Student-run Community Health Center

Ruach Tova: Israel’s First Interprofessional Student-run Community Health Center

The Rappaport Faculty of Medicine at the Technion has established a social-community health center, the first of its kind in Israel, to be run by students

Professor Ruti Margalit

Professor Ruti Margalit

The Rappaport Faculty of Medicine at the Technion–Israel Institute of Technology has established “Ruach Tova” (Hebrew for “Good Spirit”), an interprofessional student-run community health center in the City of Haifa. The center offers services free of charge, catering to a local urban population that has difficulty obtaining medical treatment, whether due to lack of means or special status, including at-risk, homeless, and LGBTQ youth.

The first educational-social initiative of its kind in Israel, the center connects medical students at the Technion to the urban fabric and to the population it will serve in the future.

The center is operated by medical students from the Technion under the close supervision of volunteer doctors and in collaboration with various health professions: nurses, social workers, and various caregivers. Student participation is anchored in the curriculum of the Faculty of Medicine and other faculties involved.

With a wonderful team, the center is headed by Faculty of Medicine Professor Ruti Margalit, a physician with extensive experience in community medicine who knows the model and has led influential academic and medical initiatives in the United States, India and Africa.

“Health is a basic human right. We  are working to make it accessible to all,” said Prof. Margalit. “When a person is provided with basic needs – food, shelter, health, personal security – she is able to look beyond, be productive, and contribute to the surrounding community and its development.
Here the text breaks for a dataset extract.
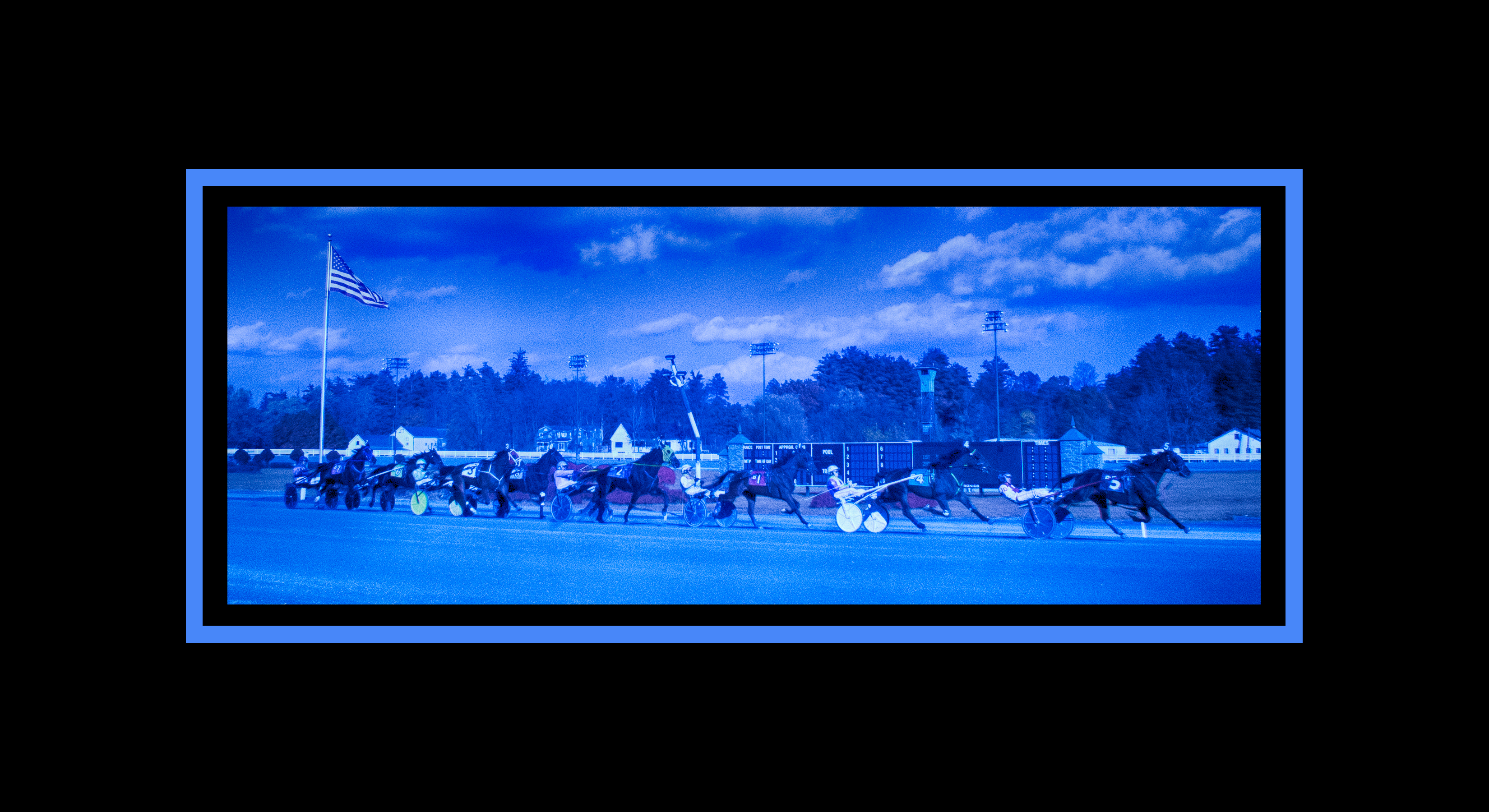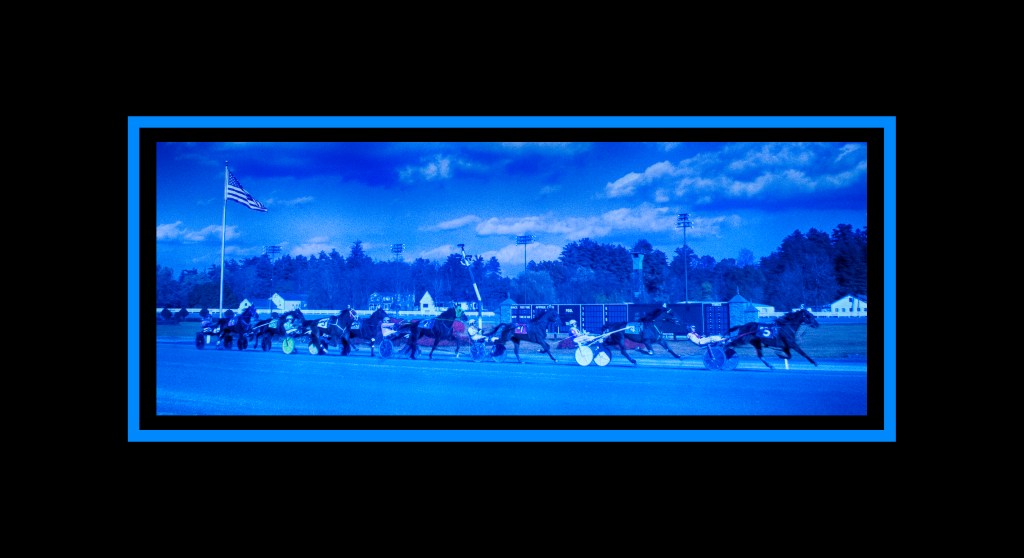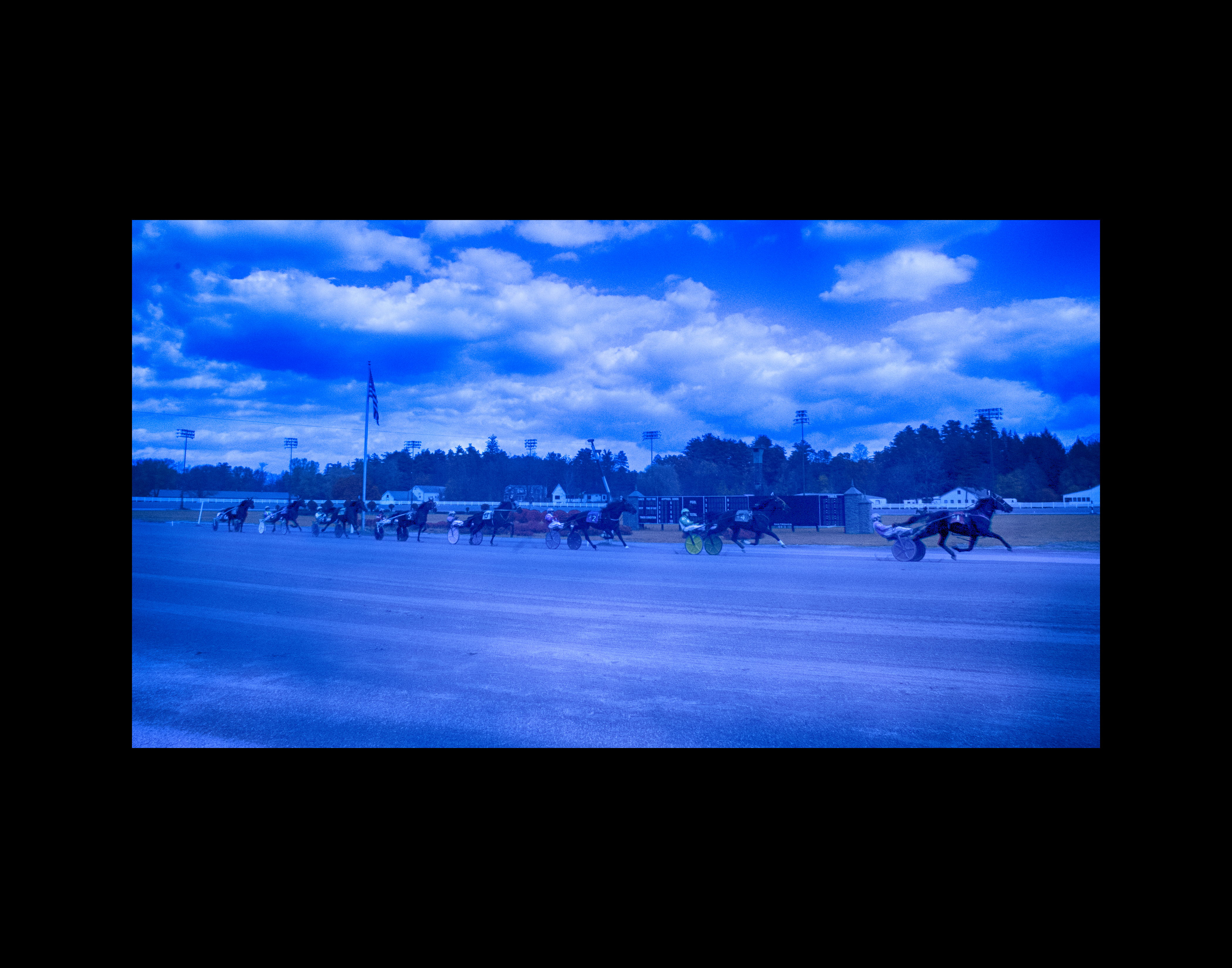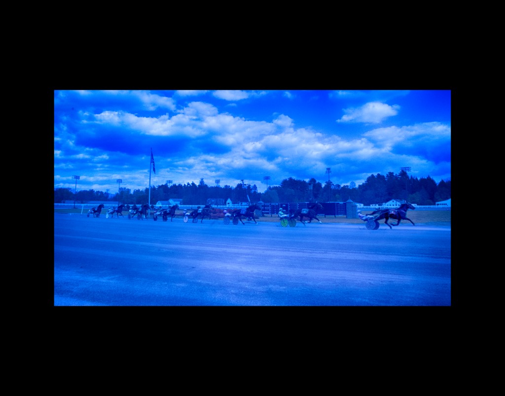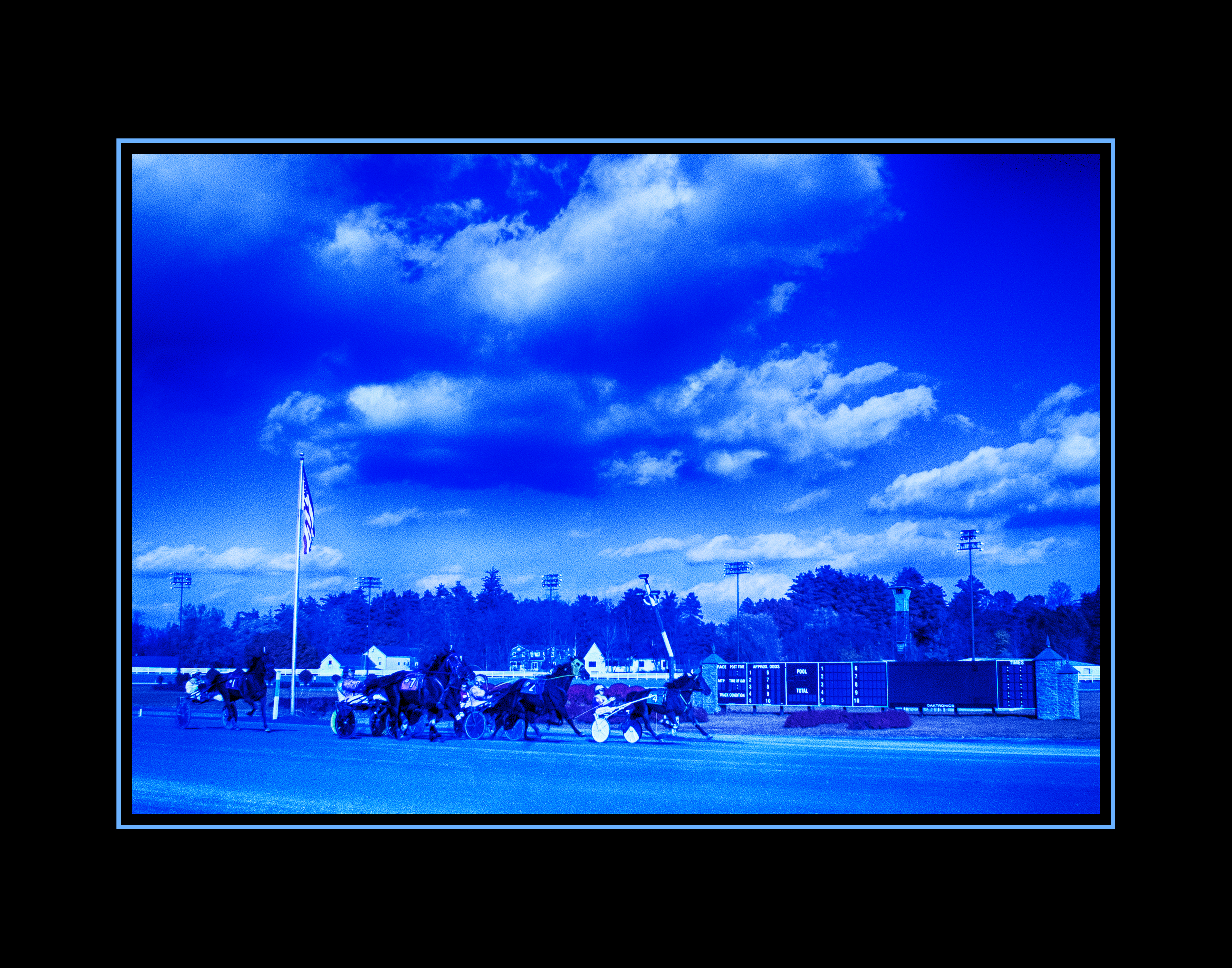 Unlike last Saturday’s infrared photo attempts, which had very little sunshine, I was able to get big bursts of sunshine throughout the first six races at the harness track. First I set up the camera with the 720nm black and white infrared filter. And if this works … I’ll be a happy man.

Participating students experience empowerment, enrichment, and first hand leadership opportunity as they take part in the development and management of this significant project.”

“Such centers have been operating for the past decade in the United States, Canada, and Europe but in Israel this is the first center of its kind, and we hope to give it a unique Israeli character and help establish similar centers around the country,” she continued. “Hundreds of doctors, nurses, social workers, artists, and of course medical and other students joined the project.”

The “Ruach Tova” Center is located in the Hadar neighborhood of Haifa, a city known for its openness and co-existence. The center operates in coordination with the City of Haifa, HMOs, local health and welfare offices, hospitals, non-profit organizations, and other entities operating in the field.

As part of the interprofessional work that characterizes it, Ruach Tova will be redesigned and renovated by students from the Technion’s Faculty of Architecture and Town Planning, in the framework of a community involvement course led by architects Dafna Fisher-Gewirtzman, Dan Price and Michal Bleicher.